I find it more offensive when they are selling overpriced tshirts or when an ugly dress that is already expensive, cost an arm when there’s an embroidery.

And tbh, I think tweed from Chanel is always worth it, runway version or not. Add to that, the level of services and it’s an almost perfect experience.

Knitwear and tweed remains Chanel’s forte.
 
^^
Runway métiers d’arts is not overpriced IMO. Even more when it comes to tweed. Those Lesage fabrics are worth it.
I find it more offensive when they are selling overpriced tshirts or when an ugly dress that is already expensive, cost an arm when there’s an embroidery.

And tbh, I think tweed from Chanel is always worth it, runway version or not. Add to that, the level of services and it’s an almost perfect experience.
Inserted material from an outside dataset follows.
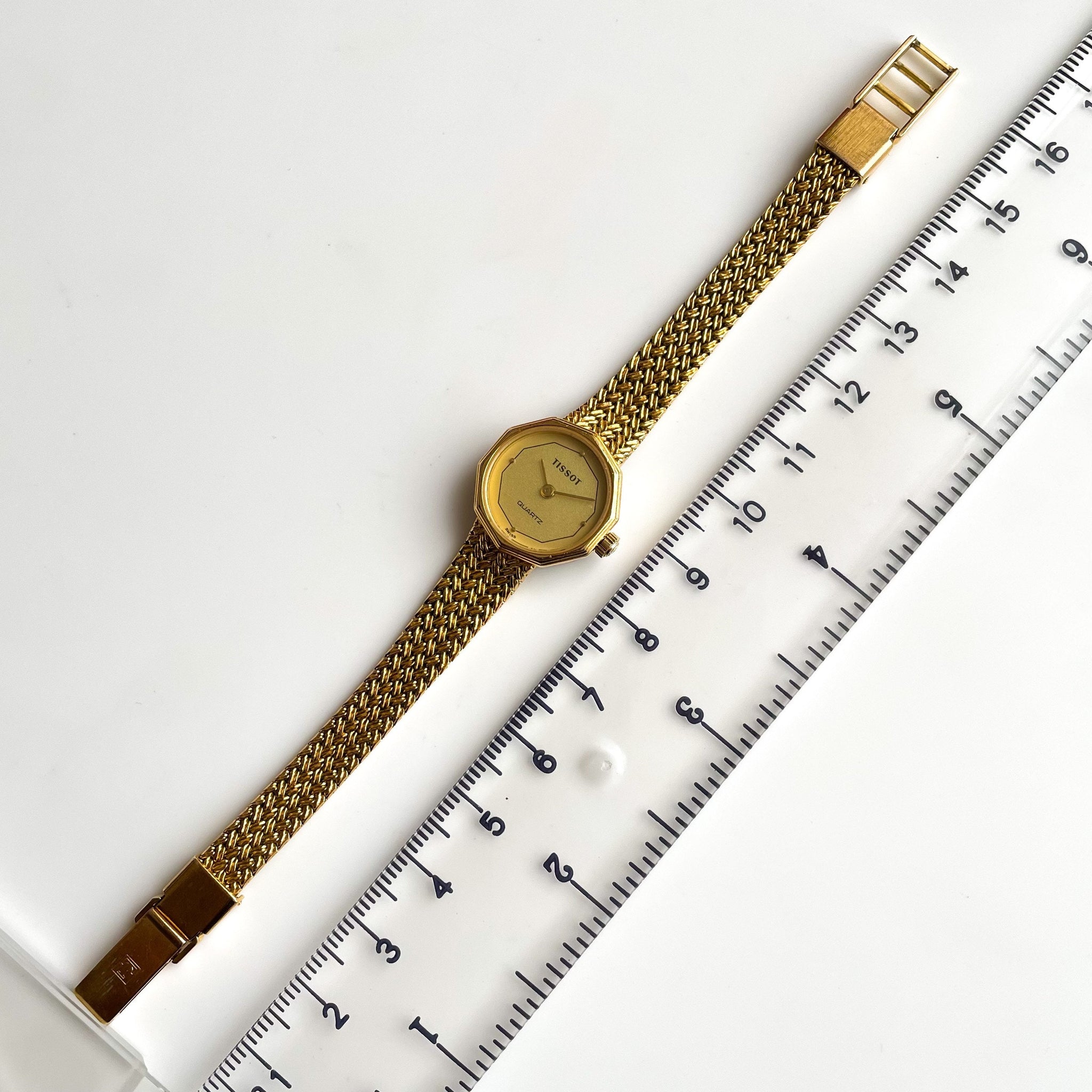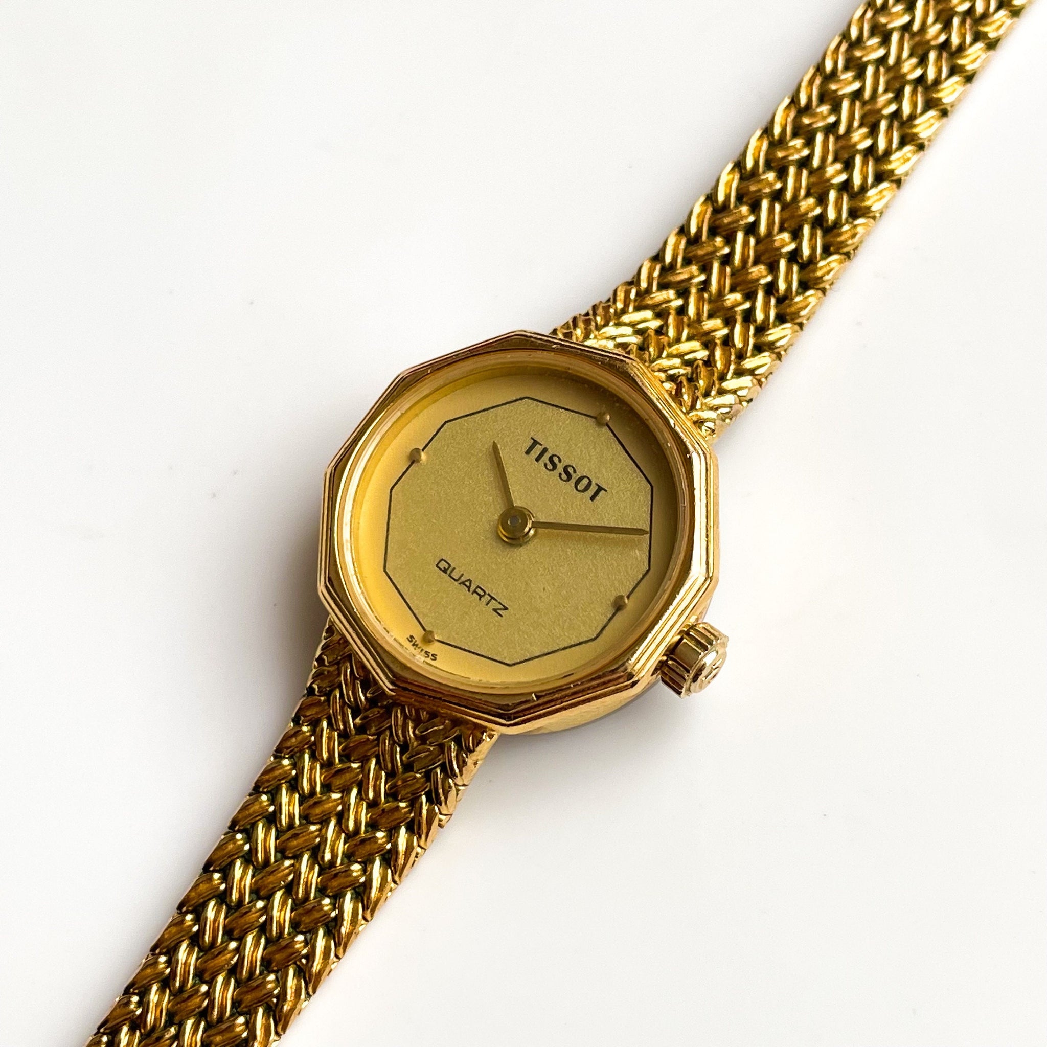Dainty Tissot watch with braided gold-plated bracelet and jewellery clasp. A beautiful watch for every day wear and special occasions alike by the renowned Swiss watchmaker.

Knitwear and tweed remains Chanel’s forte.
I get your point. I still remember those basic tees from the Cruise 2022 show with embellished Lola Nicon face print sold at 6k...
But yeah, I would definitely spend 13k on a tweed embroidered jacket rather than getting a denim jacket with gun glued sequin CC appliques for 7k from the Dakar collection (another low from Virginie).
 
Good luck to Anthony and Cedric Charbit, recovering from -10% yearly revenues with the release of 4k unwearable men thigh high boots is gonna be very tough...
Anthony should stop designing for skinny models and actors and start delivering something wearable and coherent with the world we are living in.